Reinventing the Wheel: Cache-Busting via Automated File Versioning

I have a tendency to like to reinvent the wheel in my development, just to prove that I can.

I’ve gotten better about it over the years.  I replaced my custom-built blog engine with WordPress on DetroitHockey.Net, for example.  I still roll my own classes for interacting with the Trello and Twitter APIs, though.

Lately I’ve been looking to solve asset caching issues.  If I make a change to main.js, for example, how do I make sure my users get the updated file?  This is something that I’m sure has been solved, but I wanted to give it a shot myself.

We can’t force a user to know that a file has changed and re-download it.  We can tell them how long to cache a file for, and the browser may or may not respect that, but we can’t interrupt that with a new file.

What we can do is version the file.  That’s not a huge deal.  Drop a suffix onto the file name (main.js becomes main-v2.js).  The problem is I’m lazy.  I don’t want to have to rename the file and update all of the places it’s used.  I want that to happen automatically if I happened to change the file.

Conveniently, my build process already had a point where it acted only if a CSS or Javascript file had changed.

I use BitBucket for my source control and BitBucket Pipelines for publishing.  There’s a step in my publish plan that sends a curl request to a listener on my server.  The listener takes a look at each CSS and JS file and minifies it, but it only saves the newly-minified file if it’s different from what’s already on the server.

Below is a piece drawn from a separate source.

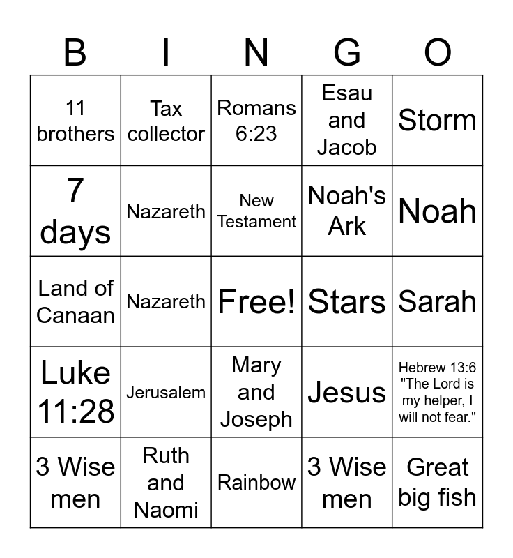 This bingo card has a free space and 197 words: Old Testament, New Testament, God Created Everything, The First Sin, Garden of Eden, Eve, Adam, Noah, 40 days and 40 nights, Noah's Ark, Psalm 119:42 "I trust in Your word.", Rainbow, Abraham, Sarah, Isaac, Rebekah, Esau and Jacob, Land of Canaan, Egypt, Joseph, Coat of many colors, Joseph interprets a Dream, Jonah, Great big fish, Ruth and Naomi, Hebrew 13:6 "The Lord is my helper, I will not fear.", Boaz, Mary and Joseph, Jesus, Bethlehem, Savoir, 3 Wise men, gold, incense, myrrh, Nazareth, Jerusalem, John the Baptist, Jordan River, Matthew, Tax collector, 12 disciples, John 14:6, 1 John 4:11, Luke 11:28, Psalm 34:17, Romans 6:23, 7 days, 11 brothers, Stars, Famine, Storm, Esau and Jacob, Land of Canaan, Egypt, Joseph, Coat of many colors, Joseph interprets a Dream, Jonah, Great big fish, Ruth and Naomi, Hebrew 13:6 "The Lord is my helper, I will not fear.", Boaz, Mary and Joseph, Jesus, Bethlehem, Savoir, 3 Wise men, gold, incense, myrrh, Nazareth, Jerusalem, John the Baptist, Jordan River, Matthew, Tax collector, 12 disciples, John 14:6, 1 John 4:11, Luke 11:28, Psalm 34:17, Romans 6:23, 7 days, 11 brothers, Stars, Famine, Old Testament, New Testament, God Created Everything, The First Sin, Garden of Eden, Eve, Adam, Noah, 40 days and 40 nights, Noah's Ark, Psalm 119:42 "I trust in Your word.", Rainbow, Abraham, Sarah, Isaac, Rebekah, Old Testament, New Testament, God Created Everything, The First Sin, Garden of Eden, Eve, Adam, Noah, 40 days and 40 nights, Esau and Jacob, Land of Canaan, Egypt, Joseph, Coat of many colors, Joseph interprets a Dream, Jonah, Great big fish, Ruth and Naomi, Hebrew 13:6 "The Lord is my helper, I will not fear.", Boaz, Mary and Joseph, Jesus, Bethlehem, Savoir, 3 Wise men, gold, incense, myrrh, Nazareth, Jerusalem, John the Baptist, Jordan River, Noah's Ark, Psalm 119:42 "I trust in Your word.", Rainbow, Abraham, Sarah, Isaac, Rebekah, Matthew, Tax collector, 12 disciples, John 14:6, 1 John 4:11, Luke 11:28, Psalm 34:17, Romans 6:23, 7 days, 11 brothers, Stars, Famine, Old Testament, New Testament, God Created Everything, The First Sin, Garden of Eden, Eve, Adam, Noah, 40 days and 40 nights, Noah's Ark, Tax collector, 12 disciples, John 14:6, 1 John 4:11, Luke 11:28, Psalm 34:17, Romans 6:23, Psalm 119:42 "I trust in Your word.", Rainbow, Abraham, Sarah, Isaac, Rebekah, Esau and Jacob, Land of Canaan, Egypt, Joseph, Coat of many colors, Joseph interprets a Dream, Jonah, Great big fish, Ruth and Naomi, Hebrew 13:6 "The Lord is my helper, I will not fear.", Boaz, Mary and Joseph, Jesus, Bethlehem, Savoir, 3 Wise men, gold, incense, myrrh, Nazareth, Jerusalem, John the Baptist, Jordan River, Matthew, 7 days, 11 brothers, Stars and Famine.

So I’ve got a point where I know if the file has changed, what do I do with it?

I added a configuration file writable by that listener.  It’s an array stored as JSON tracking a version number for each asset file.  I then updated the references to those files in my site templates to make sure to use the version number from the configuration file is used.

The last step was to make the listener actually write to the configuration file.  The listener, as I said, checks to see if the newly-minified version of main.js (for example) is different from the existing minified version of main.js.  If it is, the existing file is deleted, the configuration file is updated with a new version number based on the time, and the new file is saved with that number.

I don’t have to rename anything.  I don’t have to change any links.  I don’t have to ask anyone to hard refresh.  So far, it works out pretty well.